= FabSwingers =

Social networking website for swingers

FabSwingers is a British adult social networking and online dating service aimed primarily at swingers and people seeking casual relationships. The website was established in 2006 by a swinging couple. The website has options for men, women and transgender users, and allows users to sort by location, venues, as well as individual fetishes and kinks. It has a companion website called FabGuys which is aimed at gay and bisexual men, as well as transgender people.

== Features ==
A profile on FabSwingers can represent a single person or a couple and consists of age, gender and sexual orientation along with a list of interests which can include cuckoldry, dogging and oral sex, among others. Profiles can also be verified for authenticity when the user submits a photograph of themselves along with their username written down.

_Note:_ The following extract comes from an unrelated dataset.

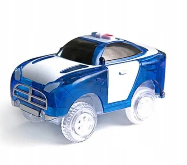 Поліцейська машина білого та темно-синього кольорів має чотири рухомі колеса, завдяки яким вона може пересуватися по рівних поверхнях. Автомобіль оснащений 5 світлодіодами, які не тільки надають йому дивовижний ефект, але й додатково підсвічують напівпрозорі доріжки (з серії Magic Tracks), по яких він їздить!

FabSwingers operates on a freemium model with features including seeing higher-resolution photos and seeing other users who have looked at the logged-in profile. Advertising is also removed for paying members.

== Reception ==
The user interface of the website has been criticised for being dated.

== Incidents ==
In March 2018, Jesse McDonald fatally stabbed Naomi Hersi, a transgender woman, following an encounter arranged on FabSwingers. He was found guilty of murder and sentenced on 1 November.

In June 2026, a BBC News investigation found that 329 crime reports since 2023 mentioned the site and included allegations of rape, coercive control and assault, though it noted the figures did not establish FabSwingers was responsible.The forces that responded also recorded 26 people as having been charged or summonsed in cases where FabSwingers had been mentioned, with 23 cases ongoing. The BBC did not request information about any of the UK's other swinging websites.
FabSwingers said consent was the foundation of swinging and that it had co-operated with the police.